Abstract

Purpose: To evaluate RapidArc and IMRT pediatric plans in peripheral regions based on measured and TPS doses. Method and Materials: IMRT and RapidArc plans for six pediatric patients were created and delivered to a solid water phantom containing a 2D ion chamber array - MatriXX. A correction technique was developed to correct for MatriXX dose errors in the peripheral regions. Thus corrected MatriXX doses were evaluated against TPS plans. Results: (1) MatriXX, with corrections, shows good agreement with a reference Exradin A12 ion chamber and EBT film, allowing for accurate measurements of low doses; (2) In the peripheral regions without direct beams, TPS was found to underestimate the dose by as much as 7cGy (prescription 200cGy); (3) The mean TPS dose error was smaller for RapidArc in five of the six cases and comparable in the other; (4) The error shows clear dependence on the equivalent square jaw size due to MLC scatter; (5) The distance to agreement (DTA) was smaller for RapidArc in all six cases (1 – 100cGy); (6) The impact of TPS dose error on VxGy was evaluated along y-axis in low-dose regions.

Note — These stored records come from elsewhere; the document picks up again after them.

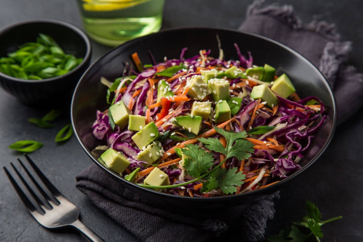 Corte o repolho em fatias finas, rale a cenoura e corte o abacate em pedaços pequenos. Em um recipiente, coloque o repolho, a cenoura e o abacate por cima. Tempere a salada com azeite, suco de limão, sal e pimenta-do-reino. Para finalizar, salpique o gergelim branco e acrescente o coentro. Sirva em seguida. >
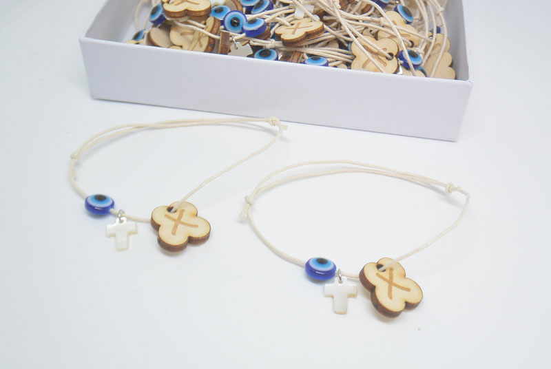 Μαρτυρικό σε βραχιολάκι με σταυρουδάκι φίλντισι και διακοσμητικό το μονόγραμμα του μωρού σε ότι απόχρωση επιθυμείτε. Η τιμή αφορά τo τεμάχιο.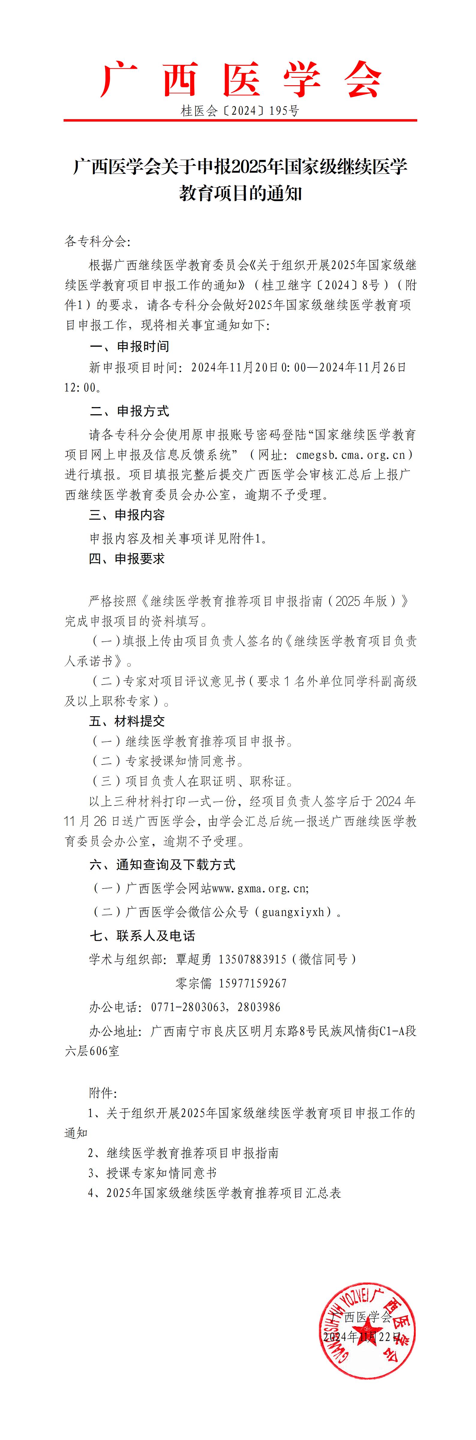 广西医学会关于申报2025年国家级继续医学教育项目的通知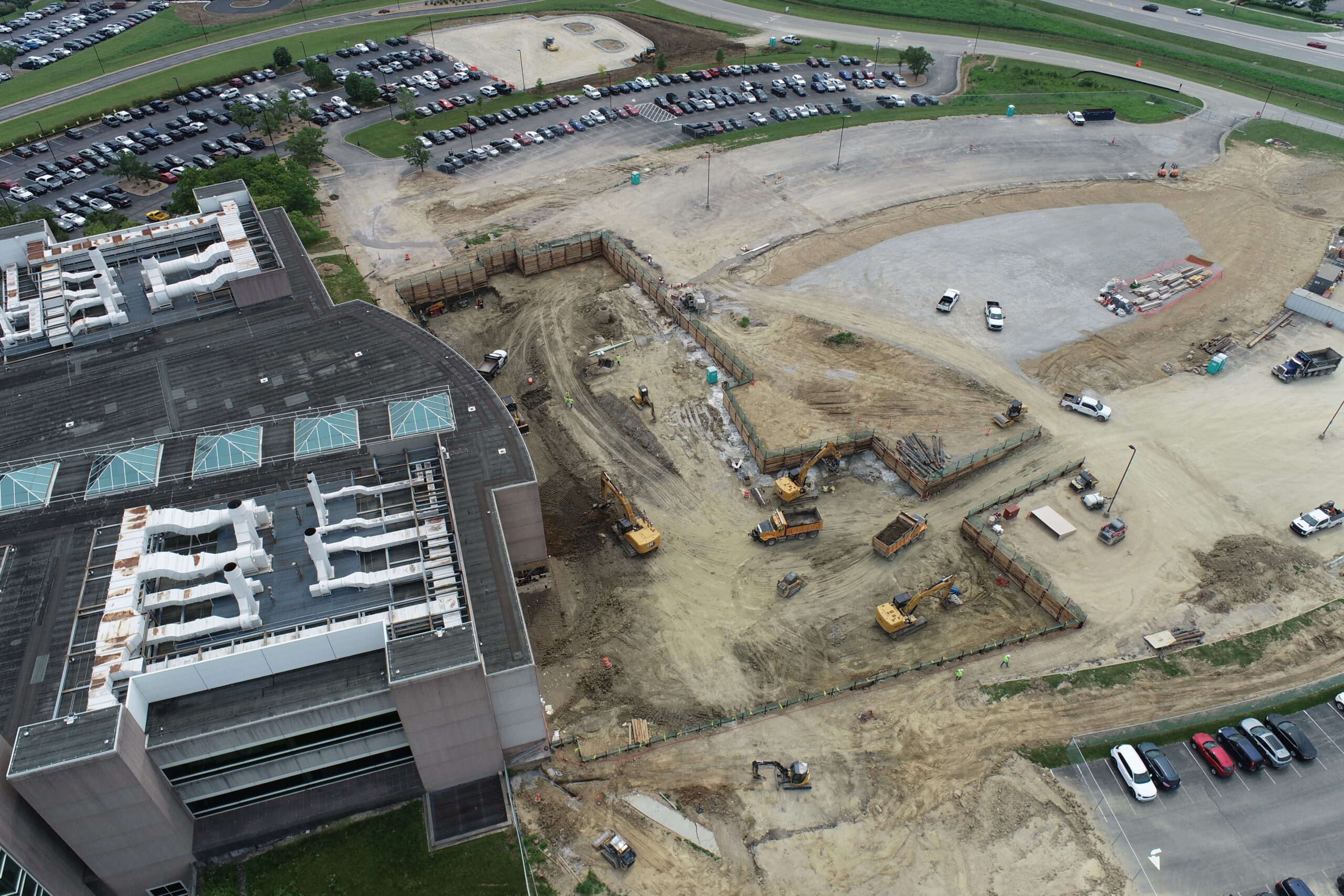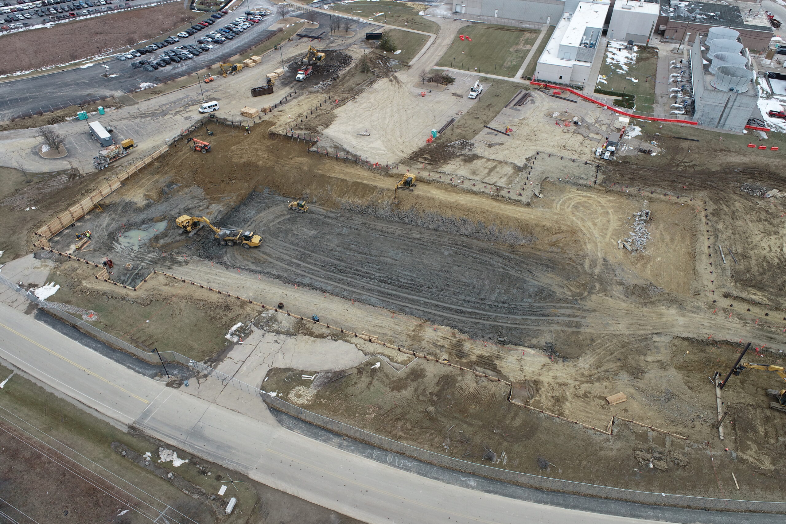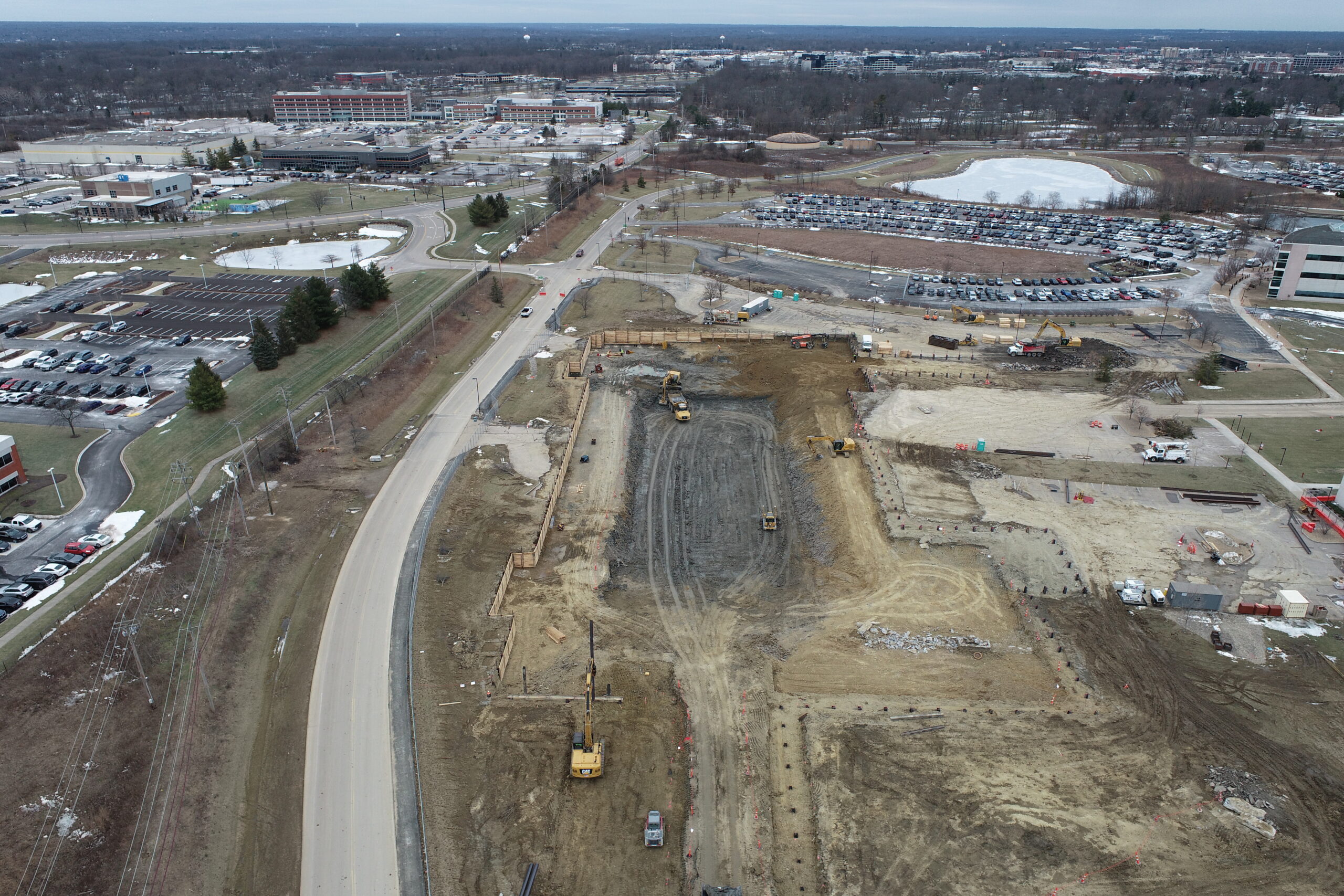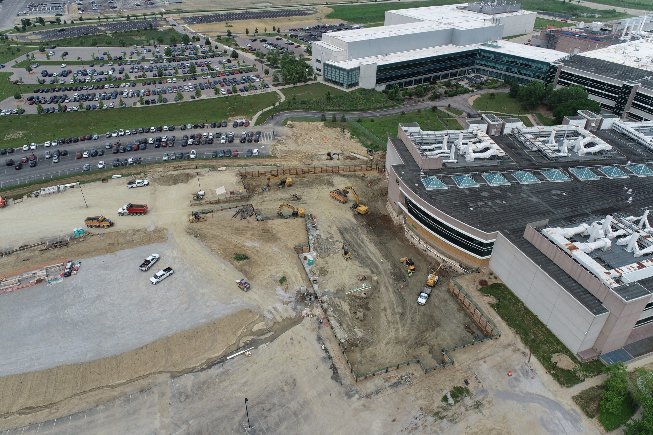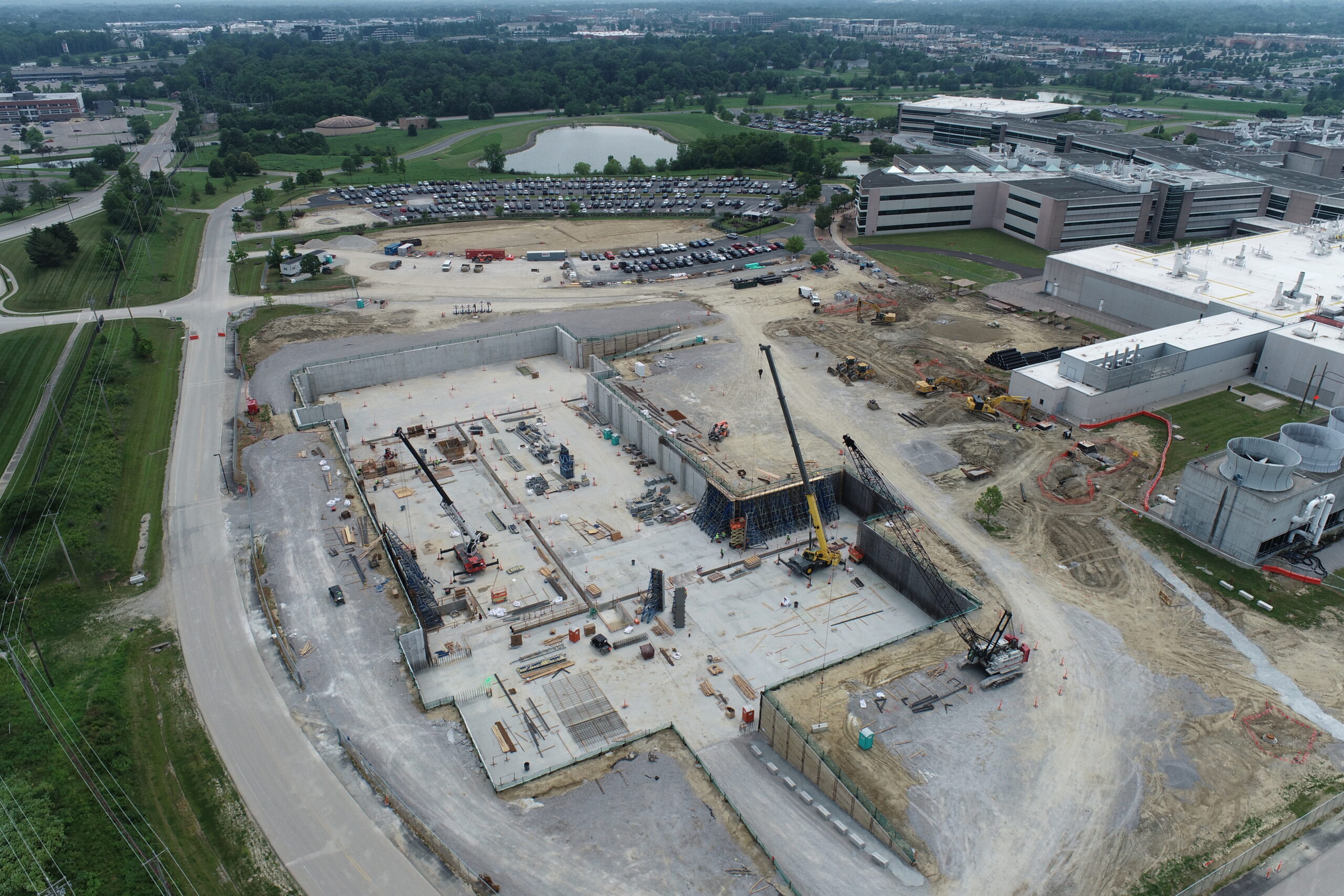 A massive $450 million expansion at P&G’s Mason campus including a 360,000sf & a 130,000sf addition. Our work included meeting an aggressive schedule during the winter months to get foundations started in basements over 20′ deep below existing parking lots as well as an intricate excavation for a new stairwell 40′ deep tying into the basement of the existing building.
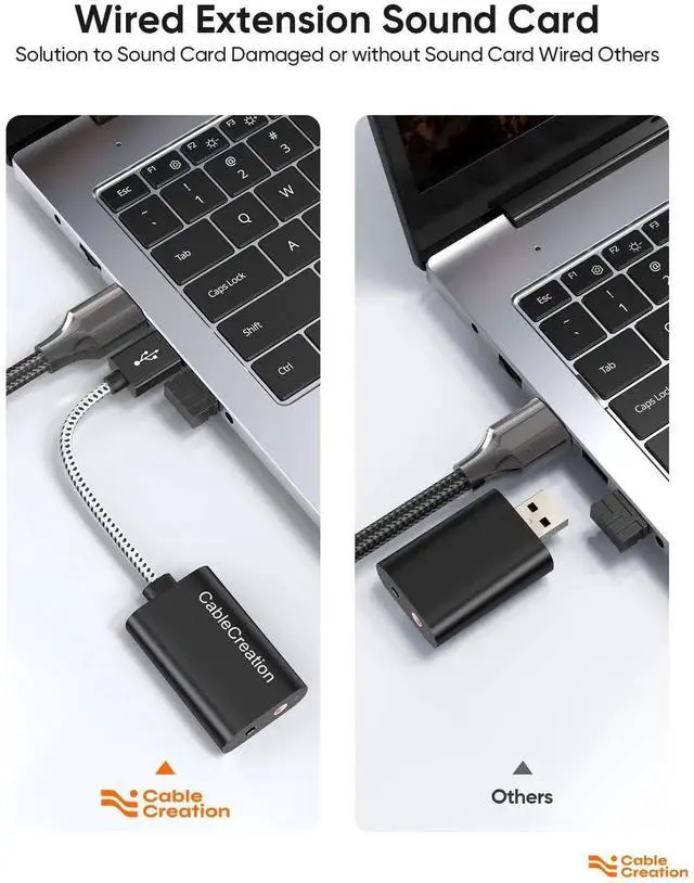 Say goodbye to tangled wires and enjoy hassle-free audio connectivity with our USB to 3.5mm jack audio adapter - perfect for laptops, smartphones, and other devices Improving audio quality on laptops and desktops Connecting headsets with separate microphone and headphone jacks Clear sound quality for playing games, listening to music, and recording.

Disagreement between MatriXX and TPS was found to be insignificant (<1cm) for x>5Gy, independent of RapidArc or IMRT. For jaw size >15cm, as large as 6 and 4.2cm were observed in V1Gy and V2Gy, respectively, for IMRT. The corresponding values were 2.6 and 0.6 cm for RapidArc. The disagreement in VxGy was smaller for RapidArc in all six cases. Conclusion: In terms of TPS error in peripheral dose, its impact on VxGy or DTA, RapidArc was found to be better than IMRT from our study of six pediatric patients. Our method can be useful in determining the best plan based on accurate assessment of the TPS doses in the peripheral regions through measurements.